Observationally my kids are a little younger than him and facebook is dead to
them. My wife is still addicted. They used to complain about family tagging
them in pix (especially embarrassing-ish such as anything from when they were
little) and now they don't even care, nobody uses it.

"Not too many people talk about it." \- thats not pinterest, thats reddit and
4chan. Everyone is on baconreader and clover, and just like fight club, rule
one is no one talks about fight club (or 4chan or reddit).

------
dysoco
17/M/Argentina

I'm not really into Social Networks, I guess you can tell by the fact that I'm
on HackerNews. However I can provide some insight in what's the panorama in
the other half of the world.

Facebook is still king, everyone uses it, everyone has it. I use it
exclusively for groups (school group, friends group) since it's easy to post
questions or info in there and make sure everyone reads it. I also use it to
chat with people (although via Pidgin, I barely go to facebook.com). I do see
however a huge ammount of traffic in my feed. So I guess it's not going
anytime soon.

Whatsapp is __hugely __popular. Everyone uses it, even for work related stuff.
I 'm not sure why it's not as popular in the US/Europe (I guess because of
iMessage?) But calls/SMS are barely a thing, everything is Whatsapp now.
Sadly, I'm not a big fan of it, it's great for sending quick messages and talk
something in a group, but people here use it for __everything __which means I
have to get my hands off the keyboard and type in a tiny touch screen to talk
with someone. You usually get randomly added to Whatsapp groups too, where you
get invited to parties and stuff like that, I 'm not a big fan of this either,
since it's really easy to miss a message. However, I reckon my social life has
improved considerably since I got Whatsapp because of all the invites I get
now.

Twitter has gotten very big lately too, I started using Twitter about 3 years
ago, and I mostly use it to follow tech people and get news, probably the same
way most of you use it. However, my friends use it as some kind of Facebook.
They tweet __everything __they are doing, and they also maintain conversations
using it. I think this is silly, I don 't know why they do it, you can know
everything about someone by just reading his Twitter feed.
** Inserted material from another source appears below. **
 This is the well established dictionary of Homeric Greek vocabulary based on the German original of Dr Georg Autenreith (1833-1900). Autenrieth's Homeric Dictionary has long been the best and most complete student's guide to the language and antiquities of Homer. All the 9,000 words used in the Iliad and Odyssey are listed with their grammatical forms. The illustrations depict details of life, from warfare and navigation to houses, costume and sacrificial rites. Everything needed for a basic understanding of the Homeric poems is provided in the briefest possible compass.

Instagram is not huge but it's catching up. It's mostly used by girls and
hipster/cool/popular guys (not sure how to describe them). I never go there
and I really don't care.

Snapchat/Tumblr/YikYak are not even thing, heck, I don't even know what YikYak
is supposed to be.

I wish more people would start using IRC, but well, I guess that's not
happening.

------
tambourine_man
I wonder if I'd have a Facebook if I was a teenager today.

It's hard enough not having one now, and even though I was never one to give
in to social pressure, I wonder if it would be simply unbearable.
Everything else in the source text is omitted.